2026 年 8 月 9 日 21:00
第12報
■ 災害概要
7 月 28 日に発生した「令和 8 年熊本地震」(M7.1、最大震度 7)に対し、TMAT は熊本県八代市にて緊急医療支援を継続している。八代トヨオカ地建アリーナ救護所での診療・巡回に加え、国立病院機構(NHO)、熊本南病院、JRAT、DWAT、DPAT、保健師、モバイルファーマシー等と連携し、感染症対策、避難者の健康管理、服薬支援、リハビリ・福祉支援および避難環境の整備を進めている。避難生活の長期化に伴い、感染症、慢性疾患、心理的負担、ADL 低下等への継続的な対応が重要となっている。
■ 行動経過・活動実績(2026 年 8 月 8 日夜~8 月 9 日)
【夕診・当直帯(20:00~8:30)】
当直メンバー:友村看護師、成田薬剤師
20:15~22:45 感染症対応が必要な避難者および付き添い者を感染対応スペースへ案内し、健康状態を確認した。
6:30 発熱を訴える避難者の時間外相談に対応した。バイタルサインは安定しており、緊急性は低いと判断し、9:00 からの救護所診療を案内した。

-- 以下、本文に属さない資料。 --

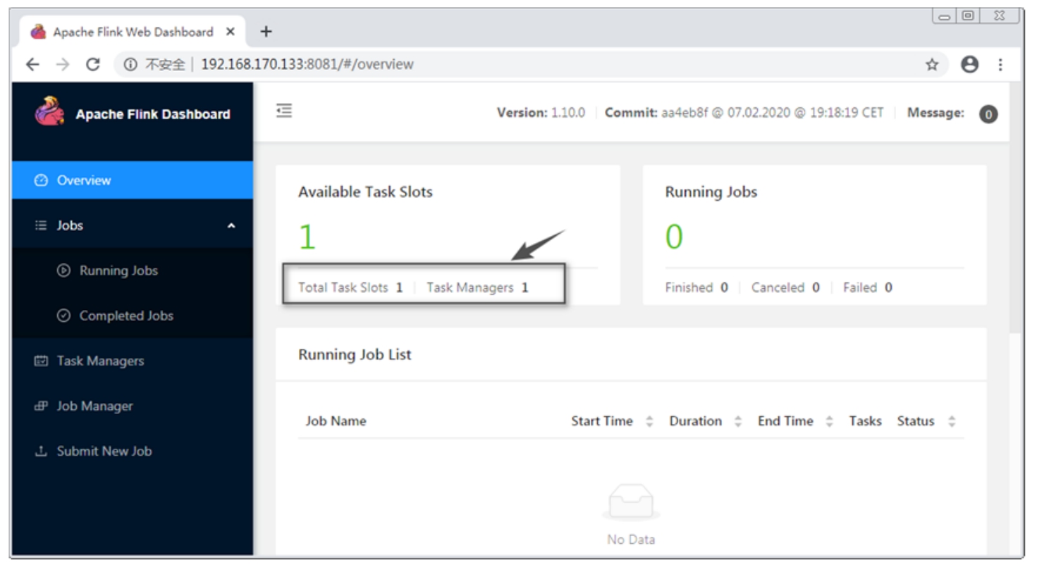 此时在浏览器中访问当前主机的8081端口即可查看Flink的WebUI,此处访问http://192.168.170.133:8081/,如图3-32所示。
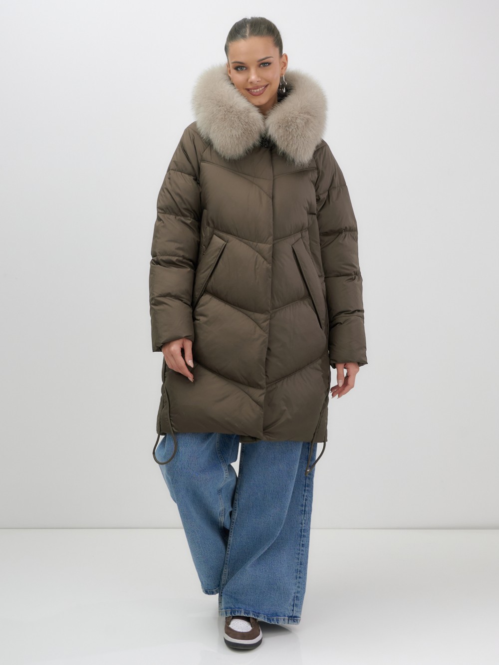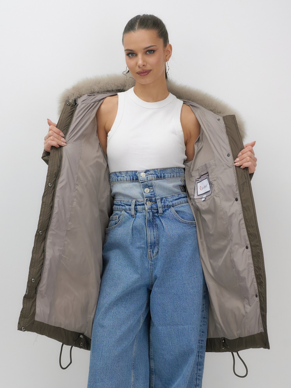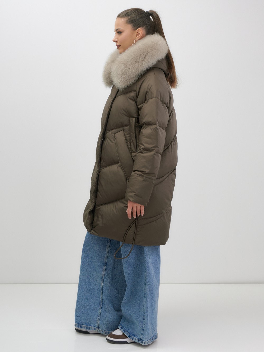 Четыре изысканных оттенка коллекции осень-зима 2025 – благородный черный, элегантный темно-коричневый, утонченный светло-коричневый и стильный хаки – безупречно гармонируют с натуральным мехом песца. Удлиненный силуэт до колена и свободный крой созданы для размеров 46-54.

夜間の避難者は 302 名、車中泊は 20 台であった。
【朝ミーティング・日中活動(8:00~12:00)】
8:00 本部および小アリーナ内の環境整備、要配慮者への支援を実施した。
8:30 TMAT 朝ミーティングを実施し、感染症の疑い・発熱者への対応、診療体制、ゾーニング、段ボールベッド、発熱待合の環境整備等について確認した。あわせて巡回、薬剤、リハビリ、福祉用具等の各支援チームとの連携方針を共有した。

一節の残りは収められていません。